Monday, May 26, 2014

Quote for Day: Alan McCornick on Bowtie Controversy at San Francisco Catholic School — "Powerful Men, All. But Maybe Not All That Powerful"




Alan McCornick at Hepzibah, commenting on the recent controversy at San Francisco's Sacred Heart Prep School, where student Jessica Urbina chose to wear a tux and bowtie in her senior picture — to the consternation of school officials: 


Powerful men, all.   But maybe not all that powerful, if a group of schoolgirls wearing neckties can turn around a Catholic high school’s policy of not including a girl dressed as a boy in its annual yearbook.  
Slowly but surely the world comes around to recognizing the harms that can be inflicted on ordinary people by would-be do-gooders working in the name of “tradition.”  It has taken centuries to raise the consciousness of white people about the evils of white supremacist notions.  Centuries to move women out from under patriarchal beliefs in the inherent right of men to rule over women, beliefs still espoused by official Catholicism.   Centuries to recognize that anti-Semitism lay not only in tribal notions of us and them, but in Christian organizations using the writings of leaders such as Martin Luther and the Scriptures themselves to justify brutality and exclusion.  And centuries to recognize that same-sex attraction is not a moral evil, but a variation on human sexuality, a reality still being fought tooth and nail by the official Roman Catholic church hierarchy.
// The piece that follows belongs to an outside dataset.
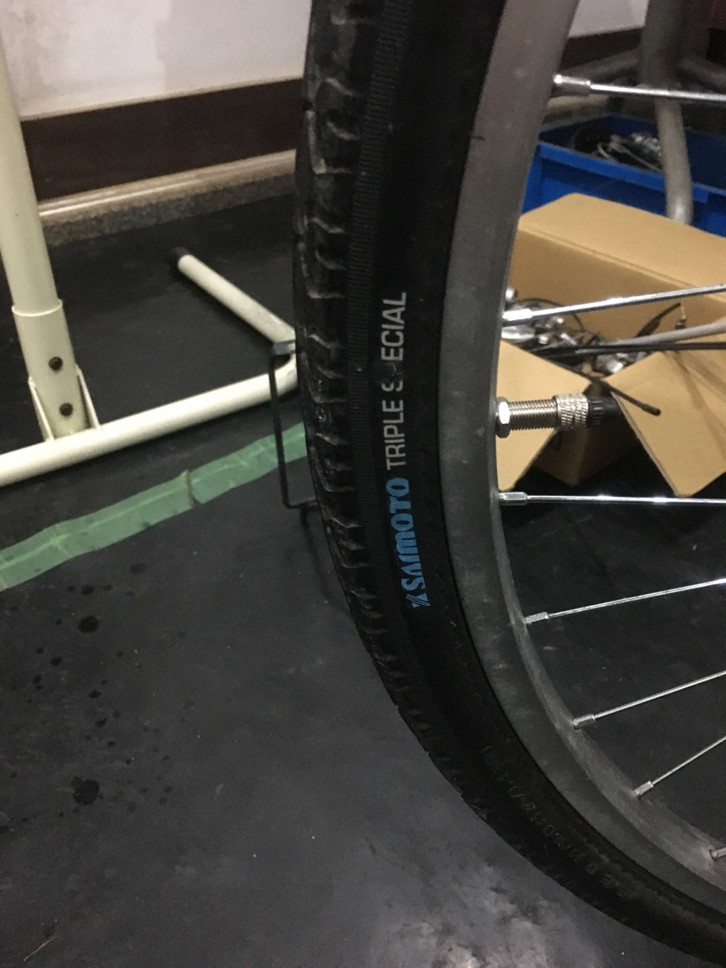 リアのタイヤはフロントタイヤを流用、チューブが新品に交換。

As Alan notes, when other female students wore bow ties to protest the decision of the school to yank Jessica Urbina's yearbook photo, the school then backed down and apologized to her. As Bob Shine points out at Bondings 2.0, the Catholic community still needs to address the question of why these things keep happening: how have we worked ourselves into such a strange lather that the way a young woman chooses to dress in a high-school picture becomes tantamount to a doctrinal issue?

And how do Catholics expect their moral teachings to be taken seriously when those teachings are presented in such an irrational, fragmentary, off-center way, with such an apparent compulsion of Catholic pastoral leaders to bash women who refuse to accept traditional gender roles, and to treat LGBTI people as cannon fodder for their culture wars?